Message-Id: <uk9bi4lj24r60bb4u5oshq5bnopft9eopg@4ax.com>
I'm trying to use a hash to replace:
if ($scoreR >= 0) {$th_right = TH1;}
if ($scoreR >= 30) {$th_right = TH2;}
if ($scoreR >= 75) {$th_right = TH3;}
if ($scoreR >= 120) {$th_right = TH4;}
if ($scoreR >= 150) {$th_right = TH5;}
My hash:
%thVal = ("x1","TH1","x2","TH2","x3","TH3","x4","TH4","x5","TH5");
I want to use: $th_right = $thVal{$scoreR};
What is the syntax for x1, x2,...x5? I've tried
%thVal = (">=0","TH1",">=30","TH2",etc), but it doesn't work.
--
Ed Jay (remove 'M' to reply by email)
Win the War Against Breast Cancer.
Knowing the facts could save your life.
http://www.breastthermography.info
------------------------------
Date: 20 Nov 2008 19:01:15 GMT
From: xhoster@gmail.com
Subject: Re: Hash keys with range of values -- How?
Message-Id: <20081120140025.844$Su@newsreader.com>
Ed Jay <edMbj@aes-intl.com> wrote:
> I'm trying to use a hash to replace:
>
> if ($scoreR >= 0) {$th_right = TH1;}
> if ($scoreR >= 30) {$th_right = TH2;}
> if ($scoreR >= 75) {$th_right = TH3;}
> if ($scoreR >= 120) {$th_right = TH4;}
> if ($scoreR >= 150) {$th_right = TH5;}
>
> My hash:
> %thVal = ("x1","TH1","x2","TH2","x3","TH3","x4","TH4","x5","TH5");
>
> I want to use: $th_right = $thVal{$scoreR};
>
> What is the syntax for x1, x2,...x5? I've tried
> %thVal = (">=0","TH1",">=30","TH2",etc), but it doesn't work.
There isn't a syntax to do what you want directly. This is not what
hashes do. You might be able to create a "tied" hash module that would do
this, but I would say it is no longer a hash, just something hooking into
the hash hooks.
Maybe something like this (untested):
use List::Util qw(first);
my @thVal = [0,"TH1"],[30,"TH2"],[75,"TH3"]; # etc.
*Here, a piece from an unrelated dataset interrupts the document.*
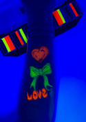 - Niektóre kolory świecą w świetle ultrafioletowym UV jak na zdjęciu.

@thVal = sort {$b->[0] <=> $a->[0]} @thVal;
my $val = first {$scoreR < $_->[0]} @thVal;
# should test for $val being undefined;
$th_right = $val->[1];
If you are concerned about performance and @thVal is large, a binary search
would be better.
Xho
--
-------------------- http://NewsReader.Com/ --------------------
The costs of publication of this article were defrayed in part by the
payment of page charges. This article must therefore be hereby marked
advertisement in accordance with 18 U.S.C. Section 1734 solely to indicate
this fact.
------------------------------
Date: Thu, 20 Nov 2008 12:44:00 -0800
From: Jürgen Exner <jurgenex@hotmail.com>
Subject: Re: Hash keys with range of values -- How?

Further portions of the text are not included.